**Data shown**:

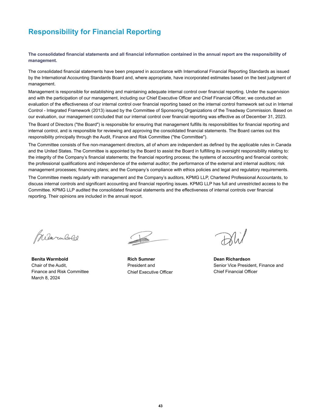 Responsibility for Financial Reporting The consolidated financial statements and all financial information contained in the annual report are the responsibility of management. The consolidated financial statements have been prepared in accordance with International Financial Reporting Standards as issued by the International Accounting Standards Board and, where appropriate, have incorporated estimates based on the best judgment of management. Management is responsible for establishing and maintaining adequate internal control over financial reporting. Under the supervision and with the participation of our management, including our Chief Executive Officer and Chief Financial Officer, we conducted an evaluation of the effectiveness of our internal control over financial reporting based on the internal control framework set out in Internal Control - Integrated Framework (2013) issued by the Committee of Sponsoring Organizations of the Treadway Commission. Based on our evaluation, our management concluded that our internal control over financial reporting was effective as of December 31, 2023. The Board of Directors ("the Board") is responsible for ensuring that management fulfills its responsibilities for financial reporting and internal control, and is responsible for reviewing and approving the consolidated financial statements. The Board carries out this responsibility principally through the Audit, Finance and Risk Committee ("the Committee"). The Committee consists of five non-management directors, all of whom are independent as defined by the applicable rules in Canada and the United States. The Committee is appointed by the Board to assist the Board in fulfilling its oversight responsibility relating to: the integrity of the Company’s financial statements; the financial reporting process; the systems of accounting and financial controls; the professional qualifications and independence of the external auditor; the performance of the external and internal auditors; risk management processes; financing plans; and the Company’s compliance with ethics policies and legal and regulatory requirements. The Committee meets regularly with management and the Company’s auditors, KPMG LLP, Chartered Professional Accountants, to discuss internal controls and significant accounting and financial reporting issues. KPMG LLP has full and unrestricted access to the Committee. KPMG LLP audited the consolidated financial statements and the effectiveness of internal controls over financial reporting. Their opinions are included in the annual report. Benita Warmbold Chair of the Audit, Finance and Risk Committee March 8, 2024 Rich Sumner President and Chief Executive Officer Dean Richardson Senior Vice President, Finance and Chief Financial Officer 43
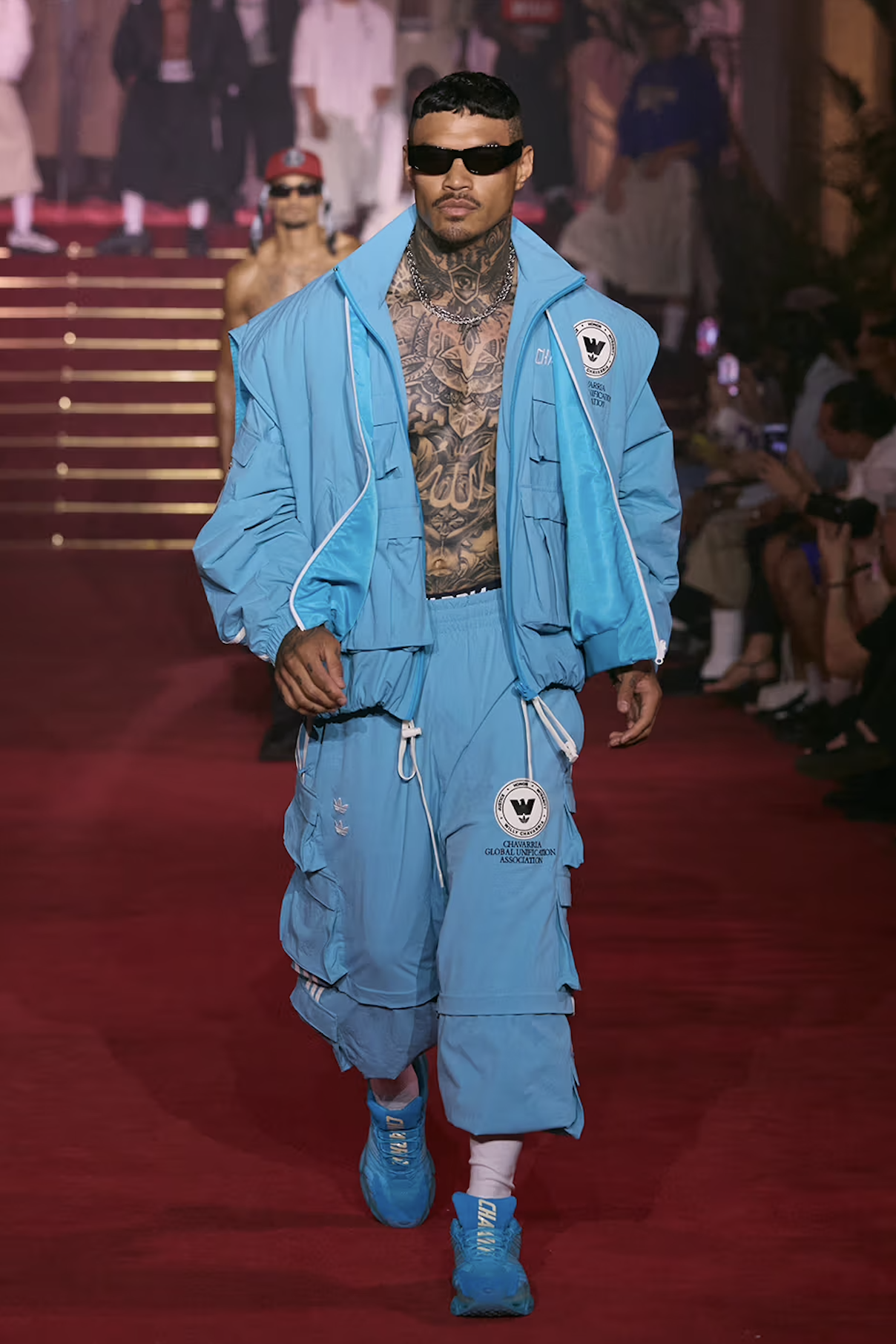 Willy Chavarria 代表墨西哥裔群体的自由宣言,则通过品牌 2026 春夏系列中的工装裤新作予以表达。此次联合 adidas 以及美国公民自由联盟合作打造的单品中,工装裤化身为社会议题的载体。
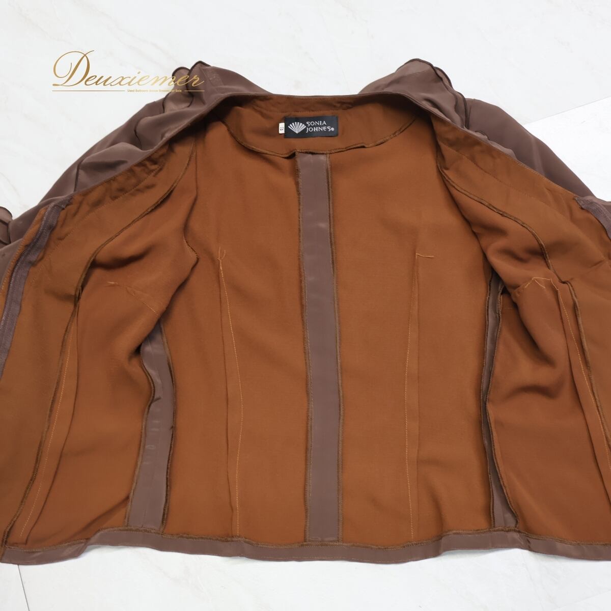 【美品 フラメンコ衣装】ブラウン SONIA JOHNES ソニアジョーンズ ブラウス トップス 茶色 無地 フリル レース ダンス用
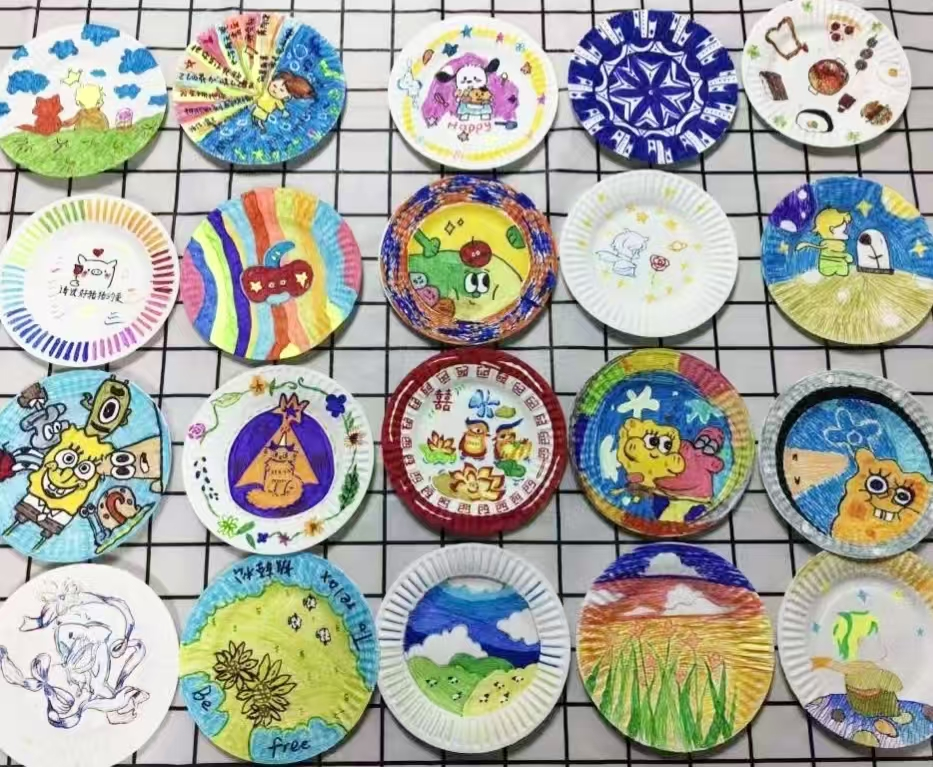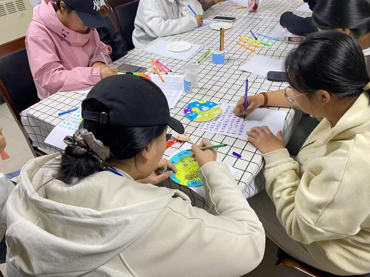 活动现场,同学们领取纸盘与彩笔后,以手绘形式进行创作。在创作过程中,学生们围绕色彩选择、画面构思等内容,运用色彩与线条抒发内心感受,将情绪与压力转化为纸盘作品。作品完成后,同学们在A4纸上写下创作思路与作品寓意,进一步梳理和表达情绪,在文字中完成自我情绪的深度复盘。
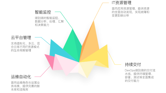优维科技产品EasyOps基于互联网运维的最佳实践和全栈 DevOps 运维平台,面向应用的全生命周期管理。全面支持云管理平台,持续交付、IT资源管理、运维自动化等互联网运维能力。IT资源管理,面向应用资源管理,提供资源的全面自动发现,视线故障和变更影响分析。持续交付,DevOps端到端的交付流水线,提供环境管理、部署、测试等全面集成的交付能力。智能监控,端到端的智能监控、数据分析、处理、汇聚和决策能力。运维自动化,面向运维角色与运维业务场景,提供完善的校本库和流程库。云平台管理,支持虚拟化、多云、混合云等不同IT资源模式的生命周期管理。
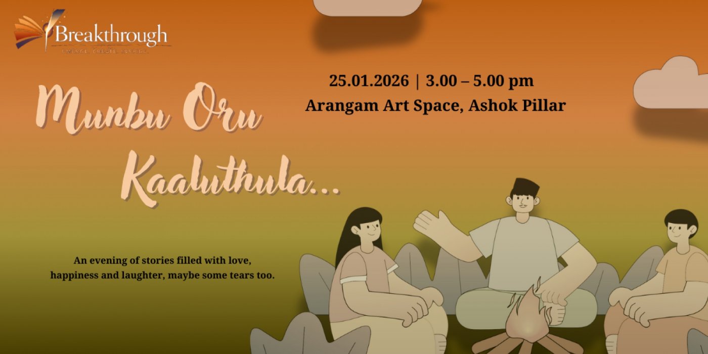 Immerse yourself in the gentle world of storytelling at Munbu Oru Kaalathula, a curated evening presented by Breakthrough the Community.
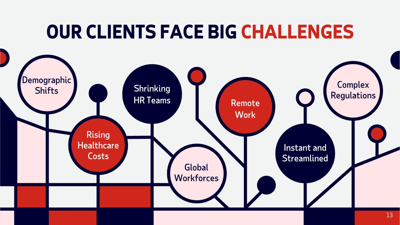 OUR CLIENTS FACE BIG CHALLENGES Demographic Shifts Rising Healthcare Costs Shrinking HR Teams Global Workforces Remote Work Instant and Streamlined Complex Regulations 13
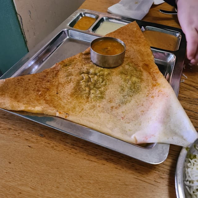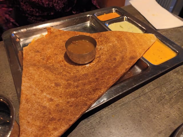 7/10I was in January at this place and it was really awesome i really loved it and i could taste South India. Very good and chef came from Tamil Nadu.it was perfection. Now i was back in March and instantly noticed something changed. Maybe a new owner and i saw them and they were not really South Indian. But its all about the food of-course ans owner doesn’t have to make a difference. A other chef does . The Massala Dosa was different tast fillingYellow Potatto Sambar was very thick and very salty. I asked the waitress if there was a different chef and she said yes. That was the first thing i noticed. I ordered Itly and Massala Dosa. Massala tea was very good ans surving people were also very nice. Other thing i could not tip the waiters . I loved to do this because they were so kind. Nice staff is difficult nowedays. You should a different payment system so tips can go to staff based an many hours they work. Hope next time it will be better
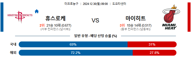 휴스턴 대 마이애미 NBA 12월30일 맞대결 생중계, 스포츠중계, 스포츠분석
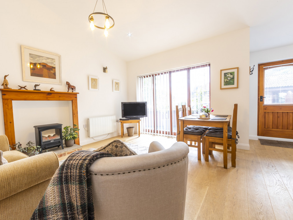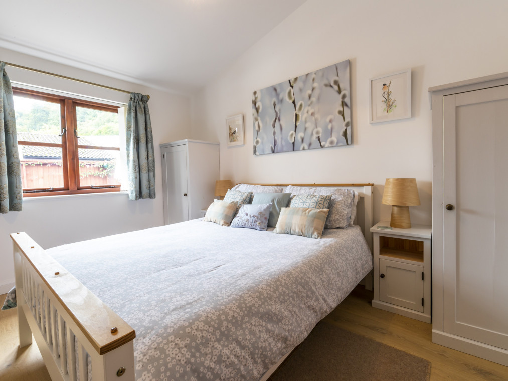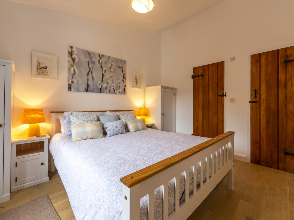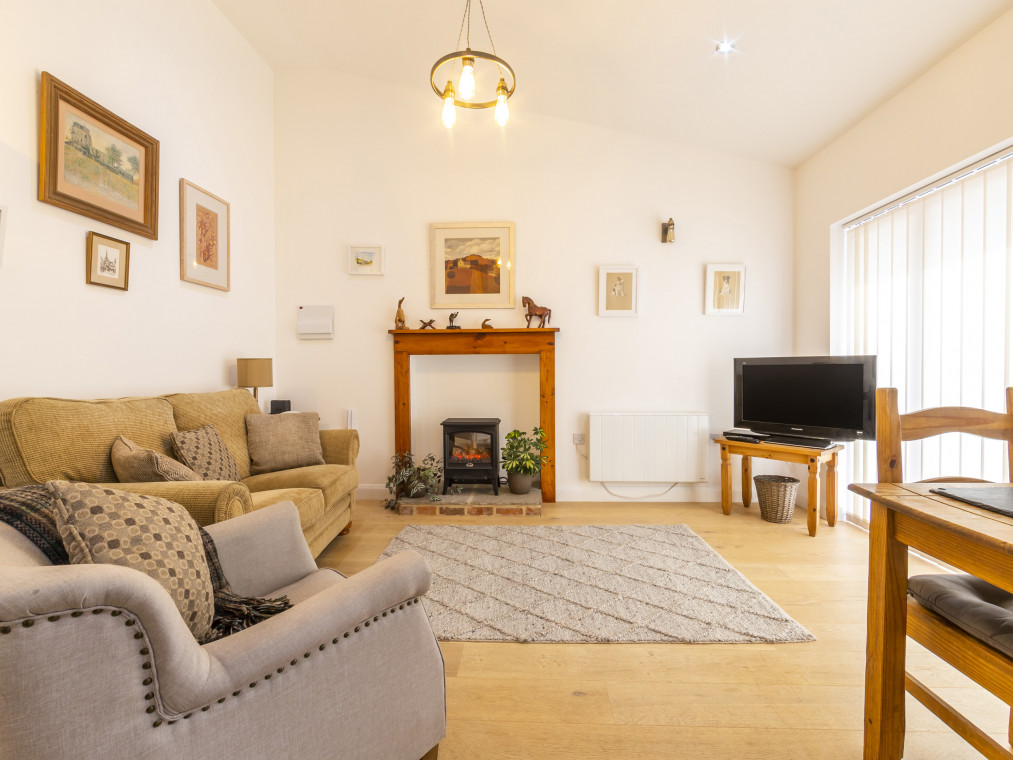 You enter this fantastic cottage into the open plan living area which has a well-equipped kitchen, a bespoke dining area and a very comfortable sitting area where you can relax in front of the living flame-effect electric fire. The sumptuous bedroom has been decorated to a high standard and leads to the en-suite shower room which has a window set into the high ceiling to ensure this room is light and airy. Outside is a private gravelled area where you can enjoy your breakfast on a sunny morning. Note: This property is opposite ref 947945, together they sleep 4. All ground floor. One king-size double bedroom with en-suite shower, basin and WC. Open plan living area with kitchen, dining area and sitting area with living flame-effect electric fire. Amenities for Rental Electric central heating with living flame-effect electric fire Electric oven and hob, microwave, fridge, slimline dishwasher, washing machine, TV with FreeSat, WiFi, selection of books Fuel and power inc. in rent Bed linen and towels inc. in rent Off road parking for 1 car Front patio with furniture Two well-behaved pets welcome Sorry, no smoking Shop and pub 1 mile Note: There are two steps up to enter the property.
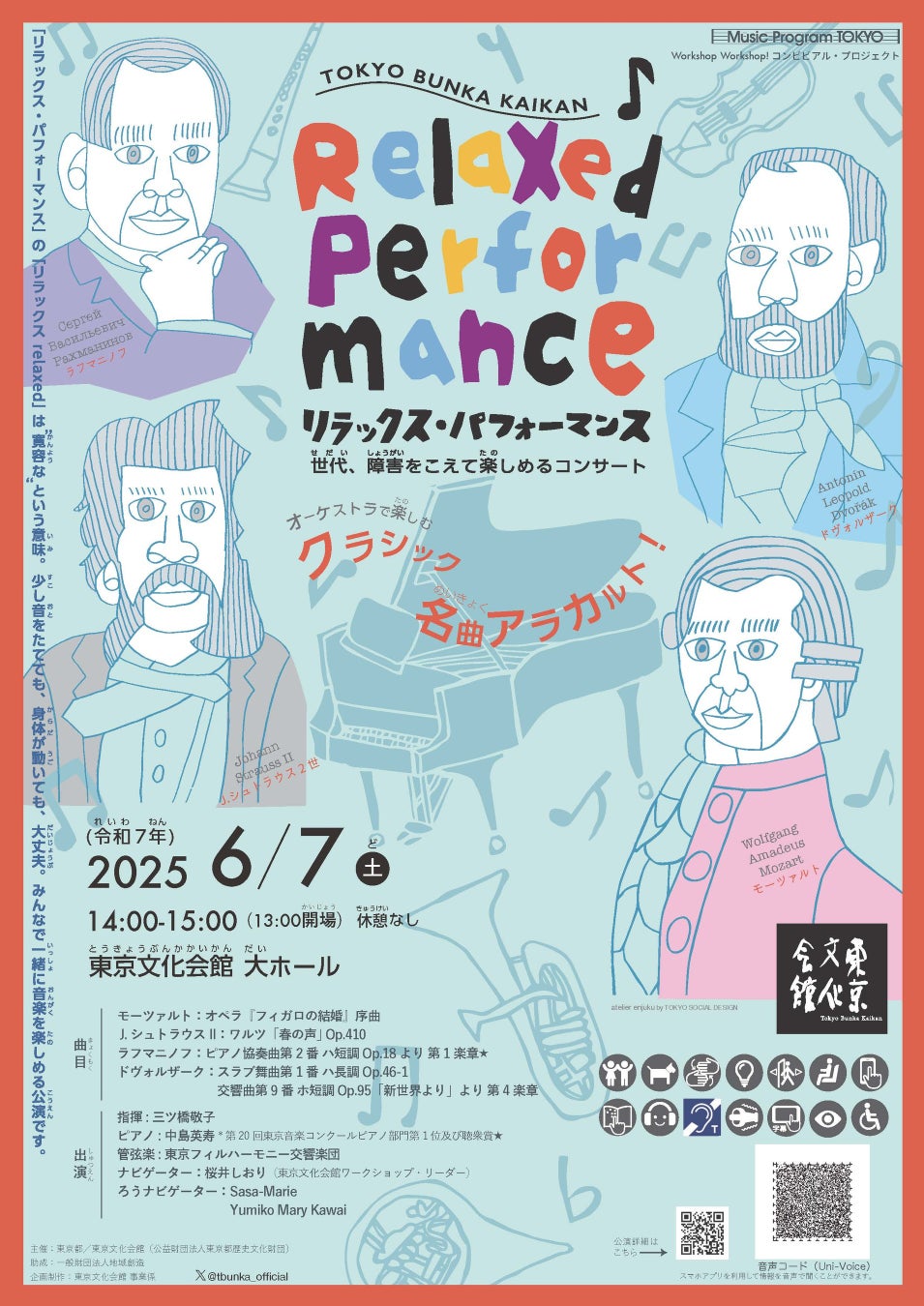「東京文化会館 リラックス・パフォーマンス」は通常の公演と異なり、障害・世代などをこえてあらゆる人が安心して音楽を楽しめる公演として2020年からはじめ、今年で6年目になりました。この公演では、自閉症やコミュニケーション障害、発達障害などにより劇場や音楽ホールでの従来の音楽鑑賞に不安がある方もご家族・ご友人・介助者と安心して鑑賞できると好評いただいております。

**Task statement**:
Your answer is the exact run of lines above from the one with "フリル レース ダンス用" through the one with "휴스턴 대 마이애미 NBA 12월30일 맞대결 생중계, 스포츠중계, 스포츠분석", both ends included, minus any picture.

**Task result**:
 【美品 フラメンコ衣装】ブラウン SONIA JOHNES ソニアジョーンズ ブラウス トップス 茶色 無地 フリル レース ダンス用
 活动现场,同学们领取纸盘与彩笔后,以手绘形式进行创作。在创作过程中,学生们围绕色彩选择、画面构思等内容,运用色彩与线条抒发内心感受,将情绪与压力转化为纸盘作品。作品完成后,同学们在A4纸上写下创作思路与作品寓意,进一步梳理和表达情绪,在文字中完成自我情绪的深度复盘。
优维科技产品EasyOps基于互联网运维的最佳实践和全栈 DevOps 运维平台,面向应用的全生命周期管理。全面支持云管理平台,持续交付、IT资源管理、运维自动化等互联网运维能力。IT资源管理,面向应用资源管理,提供资源的全面自动发现,视线故障和变更影响分析。持续交付,DevOps端到端的交付流水线,提供环境管理、部署、测试等全面集成的交付能力。智能监控,端到端的智能监控、数据分析、处理、汇聚和决策能力。运维自动化,面向运维角色与运维业务场景,提供完善的校本库和流程库。云平台管理,支持虚拟化、多云、混合云等不同IT资源模式的生命周期管理。
 Immerse yourself in the gentle world of storytelling at Munbu Oru Kaalathula, a curated evening presented by Breakthrough the Community.
 OUR CLIENTS FACE BIG CHALLENGES Demographic Shifts Rising Healthcare Costs Shrinking HR Teams Global Workforces Remote Work Instant and Streamlined Complex Regulations 13
 7/10I was in January at this place and it was really awesome i really loved it and i could taste South India. Very good and chef came from Tamil Nadu.it was perfection. Now i was back in March and instantly noticed something changed. Maybe a new owner and i saw them and they were not really South Indian. But its all about the food of-course ans owner doesn’t have to make a difference. A other chef does . The Massala Dosa was different tast fillingYellow Potatto Sambar was very thick and very salty. I asked the waitress if there was a different chef and she said yes. That was the first thing i noticed. I ordered Itly and Massala Dosa. Massala tea was very good ans surving people were also very nice. Other thing i could not tip the waiters . I loved to do this because they were so kind. Nice staff is difficult nowedays. You should a different payment system so tips can go to staff based an many hours they work. Hope next time it will be better
 휴스턴 대 마이애미 NBA 12월30일 맞대결 생중계, 스포츠중계, 스포츠분석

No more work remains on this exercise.